The benzophenone side chain of pBzF can form pi interactions, hydrogen bonds or covalent interactions with neighboring residues. The latter can be formed through electrophilic addition of nucleophilic amino acid side chains to the ketone. Given the large increase in T_m associated with this mutation, we explored that possibility that the aryl keto group is forming a covalent bond with a Lys, Cys or Ser residue. As denaturing SDS-PAGE gels of our protein and mass spectrometry consistently show only the monomeric mass (Figure S8), this bond is likely highly reversible. On the basis of the predicted location of Phe 21 in E. coli metA, a small proximity-based list of candidate residues was generated that could form a covalent adduct with the benzophenone side chain. Among these, mutagenesis of Cys 90 to Ser showed a complete reversion of the melting temperature from 74°C to 53°C (while the same mutation is actually slightly stabilizing in the case of the WT protein), consistent with the reduced nucleophilicity of serine compared to cysteine. Covalent modification of Cys 90 with iodoacetamide (IA) similarly reduced the T_m for F21pBzF metA to 53°C while not significantly affecting the T_m of the WT protein. These results suggest that the increased thermostability afforded by the benzophenone side chain is due to its interaction with Cys 90, likely in the form of a hemithioketal (Figure 2).

Hemithioketals are usually intermediates in thioketal formation and the formation of hemithioketals is readily reversible, with previous studies having shown that ketone to hemithioketal equilibria can vary by 4 orders of magnitude or more, depending on conditions ^22–23. Here, it is possible that a hemithioketal is stabilized by the surrounding protein architecture. Mutation of Phe 21 to p-fluoroacetyl-phenylalanine or p-acetylphenylalanine afforded T_ms of 60°C and 53°C, respectively, which may reflect the reduced stability of the thiol adducts or additional stabilizing interactions with the additional aryl ring of pBzF (Figure S5). Because hemithioketals may be further reacted with an additional thiol to form a stable thioketal, it may also be possible to trap the F21pBzF metA covalent dimer irreversibly by addition of β-mercaptoethanol (BME). Indeed, addition of BME trapped a fraction of the mutant in its homodimeric form as evidenced by SDS-PAGE, while Mass spectrometry of the trapped complex confirmed the covalent addition of a single BME (Figure S6).

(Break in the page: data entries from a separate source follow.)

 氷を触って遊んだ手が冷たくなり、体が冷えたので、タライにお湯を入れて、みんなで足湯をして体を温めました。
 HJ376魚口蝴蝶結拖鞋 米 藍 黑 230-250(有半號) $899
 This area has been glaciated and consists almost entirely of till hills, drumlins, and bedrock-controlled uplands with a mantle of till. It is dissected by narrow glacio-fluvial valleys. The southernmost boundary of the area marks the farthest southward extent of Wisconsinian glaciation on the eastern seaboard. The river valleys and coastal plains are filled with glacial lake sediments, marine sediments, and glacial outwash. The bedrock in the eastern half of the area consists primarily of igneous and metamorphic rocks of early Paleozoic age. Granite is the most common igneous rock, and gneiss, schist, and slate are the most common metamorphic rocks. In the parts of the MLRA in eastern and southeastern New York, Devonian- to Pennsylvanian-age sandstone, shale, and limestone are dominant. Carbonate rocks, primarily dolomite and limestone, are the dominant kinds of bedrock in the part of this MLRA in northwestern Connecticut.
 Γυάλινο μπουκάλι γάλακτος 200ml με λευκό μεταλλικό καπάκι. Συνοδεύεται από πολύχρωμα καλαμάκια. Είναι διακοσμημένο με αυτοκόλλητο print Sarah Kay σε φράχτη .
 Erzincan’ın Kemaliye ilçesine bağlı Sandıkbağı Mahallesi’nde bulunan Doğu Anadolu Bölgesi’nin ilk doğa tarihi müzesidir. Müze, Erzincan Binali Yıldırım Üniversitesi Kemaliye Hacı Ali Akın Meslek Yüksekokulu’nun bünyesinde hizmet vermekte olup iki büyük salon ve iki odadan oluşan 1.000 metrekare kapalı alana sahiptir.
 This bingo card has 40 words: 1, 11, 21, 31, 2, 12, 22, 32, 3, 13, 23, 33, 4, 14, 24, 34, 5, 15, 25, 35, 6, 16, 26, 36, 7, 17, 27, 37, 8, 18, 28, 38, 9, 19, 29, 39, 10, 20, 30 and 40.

The putative crosslink between pBzF 21 and Cys 90 was further confirmed using using ¹³C NMR, in which a ¹³C labeled version of pBzF was synthesized and incorporated into metA. Proton-carbon heteronuclear multiple bond correlation (HMBC) NMR on this sample shows three distinct non-carbonyl aromatic crosspeaks that likely correspond to the hemithioketal and hydrated forms of pBzF (Figure 3, S7) in the region of 120–135 ppm on the ¹³C axis while the 195 ppm signal due to the sp² carbonyl group was not observed ²⁴. We further attempted to obtain a crystal structure of metA, but thus far have been unsuccessful in obtaining crystals for the thermostable form of this protein.

While there have been extensive protein engineering efforts to increase melting temperatures, most result in small improvements on the order of 5–10°C ^25–28. Two notable previous examples include a 25°C melting temperature increase in GH11 xylanase – which involved seven mutations that resulted in subtle perturbations to the protein’s overall structure, and a 26°C melting temperature increase in Leishmania triosephosphate isomerase, in which a single glutamate was mutated to glutamine which restored a hydrogen bonding network within the protein that had been naturally lost ^29–30. In our case, a single novel point mutation was selected that was able to increase the melting temperature of metA by over 20°C by stabilizing the protein’s native dimer configuration. In doing so, we underscore how an expanded chemical space gives natural systems unique avenues for evolving enhanced properties.